About Cataract Surgery

What happens during cataract surgery? Phacoemulsification

Cataract surgery is the only way to remove a cataract and restore clear vision. The doctors at our practice are experts in cataract surgery and will recommend cataract surgery when the cataracts begin to limit your activities. The procedure is performed in a state of the art cataract surgery center that is AAAHC certified by the state.

During cataract surgery, the natural lens of your eye is removed and replaced with a clear artificial lens called an intraocular lens implant. The surgical process involves a small incision phacoemulsification technique and why many eye doctors refer to this as micro-surgery. This means that the cataract surgery is accomplished using the smallest possible incision, and removal of the lens material is accomplished using an ultrasonic needle. Once the eye has been properly dilated, the eye is then prepared with a cleaning solution. Topical anesthetic is then administered to the surface of the eye. Next, under a microscope an incision of 3 millimeters in length is then created at the junction of the cornea (the clear structure on the front of the eye) and the sclera (the white part of the eye). Another dose of anesthetic is then administered inside the eye through this incision. The front part of the lens envelope, know as the lens capsule, is carefully opened so that the lens material can be removed. This is accomplished using a needle-like ultrasonic device, which pulverizes the hardened and yellowed lens proteins known as the cataract. The pulverized material is simultaneously vacuumed from the eye.

Once all of the cataract material has been removed a foldable intraocular lens is then inserted through the original incision and positioned into the lens capsule. The lens will remain inside your eye in this location without moving. Intraocular lenses cannot be felt or sensed in any way by the patient.

Understanding Intraocular Lens Implant Options

Please note: The type of lens selected by you and your surgeon will impact how you see for the remainder of your life.
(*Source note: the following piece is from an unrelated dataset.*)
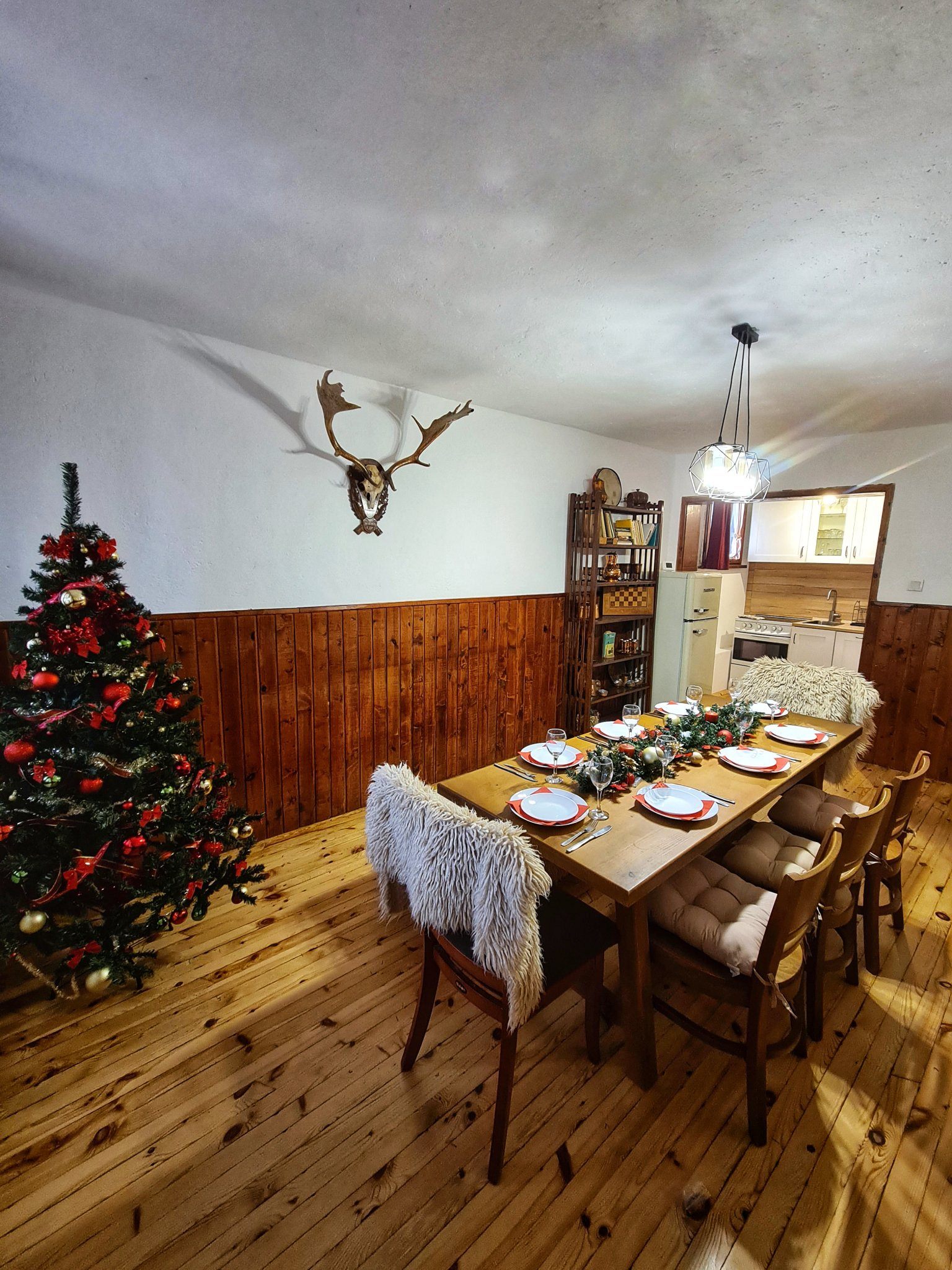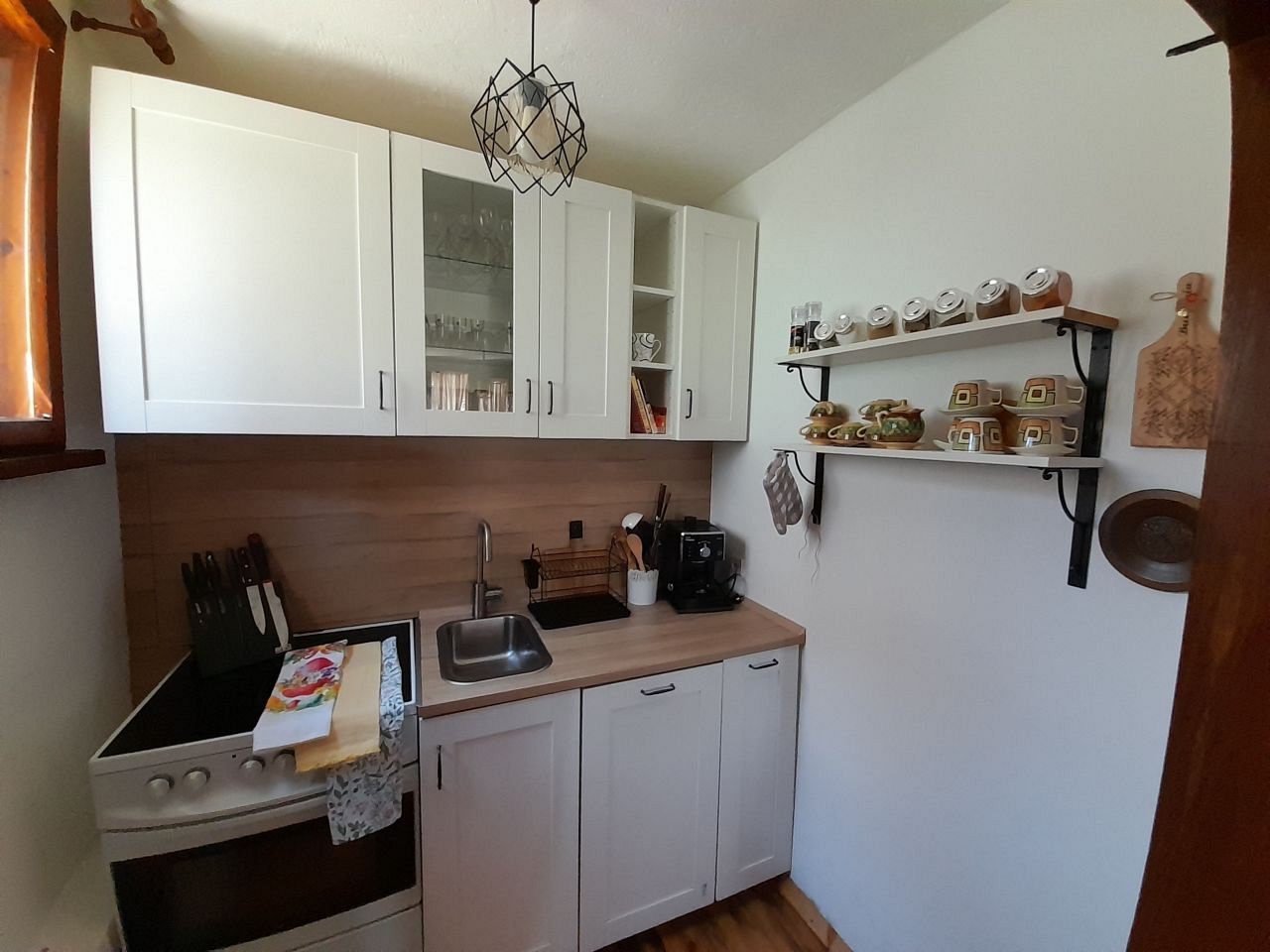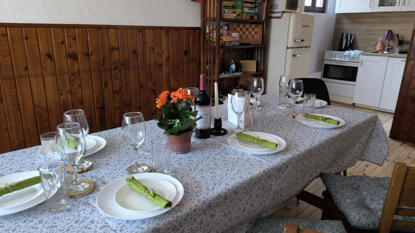 - Първи етаж - уютна трапезария с кът за хранене; напълно оборудвана кухня, в която да приготвите храната си самостоятелно, наслаждавайки се на любимите си домашни рецепти; санитарен възел с тоалетна.

Once you have made the decision to undergo cataract surgery with your eye doctor you will have a series of decisions to make related to the type of artificial lens implant you will have. Up until recently everyone who had cataract surgery received a monofocal lens implant. This lens enabled for vision of one distance, typically distances far away. With new innovations a better lens is now available. These lenses are referred to as premium lenses and come in various formats or types

  • Multifocal
  • Accomodating
  • Toric

Some of these lenses may even provide the chances of living the remainder of life glasses free! You and your eye doctor will work together to determine the right lens for your eyes. If a premium lens implant is suitable and the chances are success are good you can explore this path. Premium lenses typically come with an extra cost that Medicare does not cover. If you want more independence from glasses than perhaps paying a little extra money makes sense.

Multifocal lens implants are lenses with multiple focal points, designed to replace cataracts and correct presbyopia in order to provide a full range of vision. for near, intermediate and distance vision. At the same time these lenses offer enhanced image quality at all distances.

Accommodating lens implants are premium lenses that contain a hinge that allows for both near and far vision. The hinge helps mimick the natural lens by moving inside the eye to accommodate. The Crystalens (Bausch & Lomb) currently is the only FDA approved intraocular lens (IOL) that uses a method called accommodation.

Toric Lens Implants are astigmatism correcting Monofocal Lens implants. This is a lens with a single focal point designed to correct for cataracts and pre-existing astigmatism. These lenses will provide distance vision while glasses will be required for near vision activities such as reading.

What happens after cataract surgery?

Cataract surgery is virtually painless and recovery is quick. Your eye may be patched when you leave the facility, but the patch will be removed the next day. You will notice improvement in your vision; however, you may still need glasses for some tasks. In 60 percent of cataract surgery patients, the capsule that holds the new intraocular lens becomes cloudy. This can happen anywhere from months to years after the procedure. If this occurs, a laser is used to make a small opening in the capsule. This procedure takes just a few minutes in the office and will make your vision clear again.

Following your cataract surgery at our cataract center you will need to carefully follow the post-operative instruction of the cataract surgeons. You must use the eye drops as prescribed and be careful not rub, bump, or put any pressure on your eye. Be sure to discuss driving after your surgery and get the proper instructions for driving after cataract surgery. Many patients feel itching after cataract surgery and this is quite normal. You can clean your eyelids with tissue or cotton balls to remove any discharge. Our cataract eye doctors will prescribe eyedrops or other medication to prevent infection and control the pressure of the eye.

Choosing Your Cataract Surgeon

Selecting a cataract surgeon can be difficult if you are not properly educated about cataracts, cataract surgery and advancements in the new technology. We hope that our educational ophthalmology website has provided an easy to understand outlook on the state of cataract surgery. Although cataract surgery is one of the most performed medical procedures it is highly suggested that you carefully select a cataract surgeon with a base level of experience who is using the latest techniques and technologies.